Frequency Curve Shapes
#

Frequency distributions have various shapes in graphs. Frequency curves can usually be divided into two types:

Symmetrical Curves
#

If a curve can overlap when folded in half, it’s a symmetrical curve. Common symmetrical curves include bell-shaped, rectangular, and U-shaped.

Skewed Curves
#

If a curve cannot overlap when folded in half, it’s a skewed curve. Common skewed curves include J-shaped, positively skewed, and negatively skewed. When a curve is positively skewed, most data concentrates in the low score section of the horizontal axis, with the tail pointing toward the high score section. When a curve is negatively skewed, most data concentrates in the high score section of the horizontal axis, with the tail pointing toward the low score section.

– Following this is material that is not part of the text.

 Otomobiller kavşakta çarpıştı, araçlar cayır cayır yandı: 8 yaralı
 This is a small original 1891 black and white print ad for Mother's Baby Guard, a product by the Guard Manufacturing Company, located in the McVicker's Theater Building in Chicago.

4. Central Tendency and Variability Measurement
#

Measures of Central Tendency
#

Three measures commonly used for central tendency include arithmetic mean, median, and mode.

Arithmetic Mean
#

Arithmetic mean refers to the sum of scores divided by the number of scores. There are two types of means: sample mean $\bar X$ and population mean $\mu$ Sample mean $\bar X$ formula:

$$ \displaystyle \bar X = \frac{\sum X_i}{N} = \frac {X_1 + X_2 + X_3+... + X_N}{N} $$

Population mean $\mu$ formula:

$$ \displaystyle \mu = \frac{\sum X_i}{N} = \frac {X_1 + X_2 + X_3+... + X_N}{N} $$

They look the same, but $X_i$ in the two formulas has different meanings, representing sample data points and population data points respectively.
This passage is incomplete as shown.